REQUIRED ACTION:
Take the line that contains "呈現(xiàn)出足夠強(q" as the start and the last line of the entries as the end, and print both and everything between them exactly, without the pictures.

SUPPLIED RECORDS:
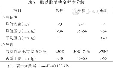 超声心动图和心导管检查是PVS诊断和评估的主要方式。通过超声心动图测量峰值流速、跨瓣压差等评估PVS的程度(表7)[176, 177]。心导管可测量肺动脉跨瓣压差、右心室收缩压等血流动力学指标,准确评估狭窄的程度;同时右心室造影可见增厚的肺动脉瓣和收缩期喷射性血流束,呈现“射流征”和“圆顶征”。
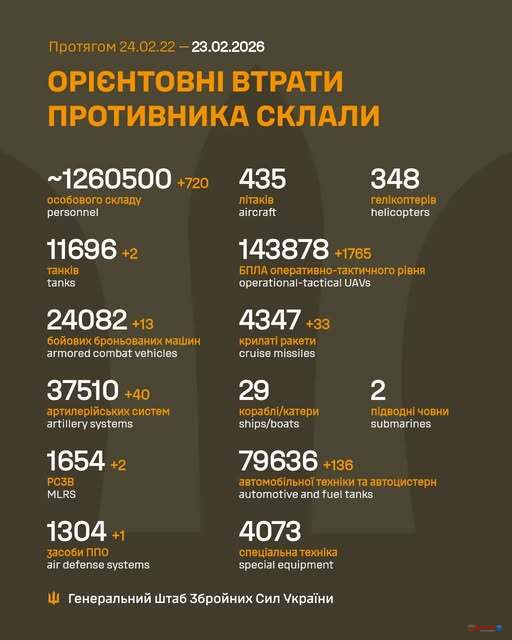 Ми зібрали для вас інформацію про тисяча чотириста шістдесят перший день Великої війни: чим жили Україна та українці 23 лютого 2026 року.
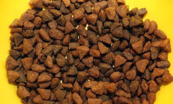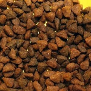 Fish protein (dehydrated), Brown rice, Peas, Chicken fat (preserved with tocopherols and citric acid), Menhaden fish meal, yeast extract, natural flavor, dried egg product, oatmeal, dried tomato, dried plain beet pulp, brewers dried yeast, flax seed, Bacillus subtilis fermentation extract, Taurine.
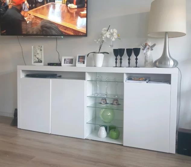 Открытая ниша со стеклянными полками: Идеальное место для демонстрации ваших любимых предметов декора, фотоальбомов или коллекционных фигурок. Стеклянные полки добавляют комоду легкости и воздушности. Вы сможете наслаждаться красотой своих вещей, не открывая дверцы.
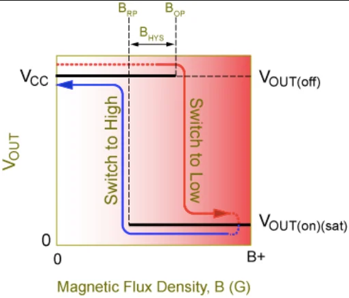 呈現(xiàn)出足夠強(qiáng)度(磁通密度)的正磁場(南極)的磁體將導(dǎo)致設(shè)備切換到導(dǎo)通狀態(tài)。一旦打開,單極IC將保持導(dǎo)通狀態(tài),直到磁場消失并且IC恢復(fù)為截止?fàn)顟B(tài)為止。
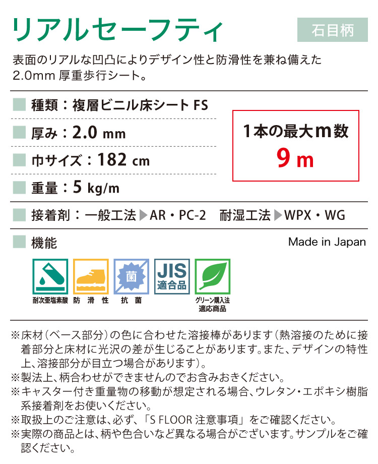 サンゲツ 長尺シート Sフロア リアルセーフティ 182cm巾 2mm厚 防滑シート 抗菌 石目調 [1m以上10cm単位 切売り]
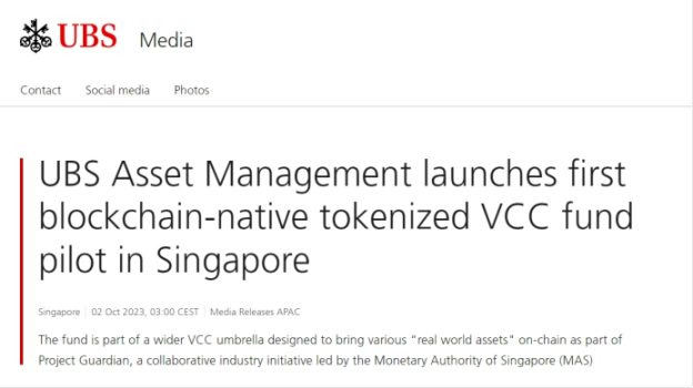 [5] UBS Asset Management launches first blockchain-native tokenized VCC fund pilot in Singapore
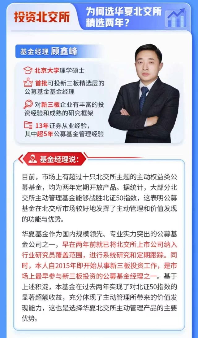 近3年业绩同类第一,$华夏北交所精选两年定开混合发起式$基金经理是首批磕头新三板精选层的,有新三板工作经验,对北交所研究更加深刻,开放期入手了,对他太放心了
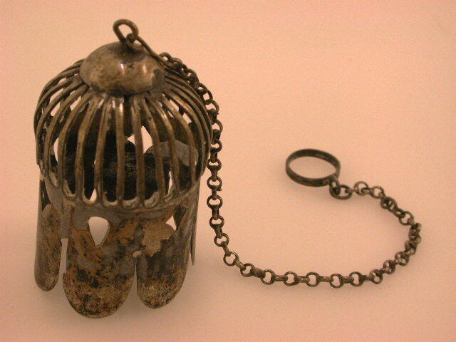 - BeschrijvingMetaal vezilverd kokergedeelte, gelobd en met opengewerkte figuurtjes. Het koepelgedeelte heeft spijltjes en een ringetje met daaraan een ketting.
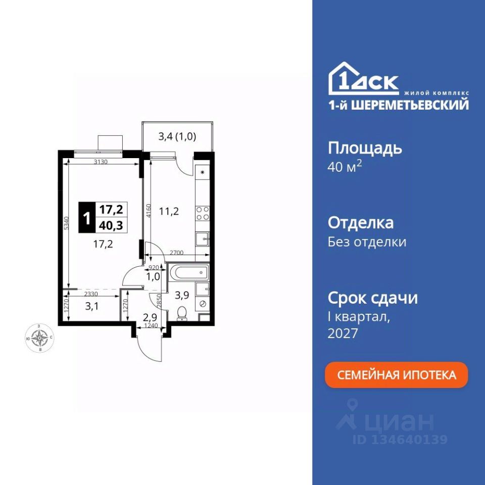 Продаётся 1-к квартира номер 391 общей площадью 40.3 кв.м. на 6-м этаже 17 этажного здания. Без отделки.
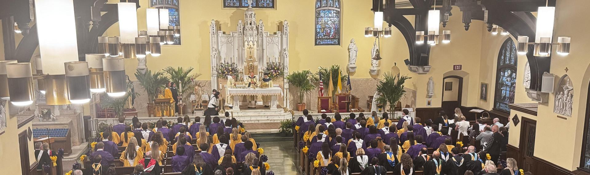 To encourage our students to be leaders of the future, we develop in them a deep spirituality that grounds them throughout their lives. SRHS students come to know and deepen a heartfelt knowledge of God, a God who knows them intimately and loves them unconditionally. SRHS students learn the principles of our Catholic faith and are challenged to incorporate these values into their daily lives. Our curriculum is infused with the concepts of peace, justice, and respect for human life. Through retreats, liturgies, and ongoing service experiences, the spiritual lives of individual students and teachers as well as the entire school community are enriched.

ANSWER SPACE:
 呈現(xiàn)出足夠強(qiáng)度(磁通密度)的正磁場(南極)的磁體將導(dǎo)致設(shè)備切換到導(dǎo)通狀態(tài)。一旦打開,單極IC將保持導(dǎo)通狀態(tài),直到磁場消失并且IC恢復(fù)為截止?fàn)顟B(tài)為止。
 サンゲツ 長尺シート Sフロア リアルセーフティ 182cm巾 2mm厚 防滑シート 抗菌 石目調 [1m以上10cm単位 切売り]
 [5] UBS Asset Management launches first blockchain-native tokenized VCC fund pilot in Singapore
 近3年业绩同类第一,$华夏北交所精选两年定开混合发起式$基金经理是首批磕头新三板精选层的,有新三板工作经验,对北交所研究更加深刻,开放期入手了,对他太放心了
 - BeschrijvingMetaal vezilverd kokergedeelte, gelobd en met opengewerkte figuurtjes. Het koepelgedeelte heeft spijltjes en een ringetje met daaraan een ketting.
 Продаётся 1-к квартира номер 391 общей площадью 40.3 кв.м. на 6-м этаже 17 этажного здания. Без отделки.
 To encourage our students to be leaders of the future, we develop in them a deep spirituality that grounds them throughout their lives. SRHS students come to know and deepen a heartfelt knowledge of God, a God who knows them intimately and loves them unconditionally. SRHS students learn the principles of our Catholic faith and are challenged to incorporate these values into their daily lives. Our curriculum is infused with the concepts of peace, justice, and respect for human life. Through retreats, liturgies, and ongoing service experiences, the spiritual lives of individual students and teachers as well as the entire school community are enriched.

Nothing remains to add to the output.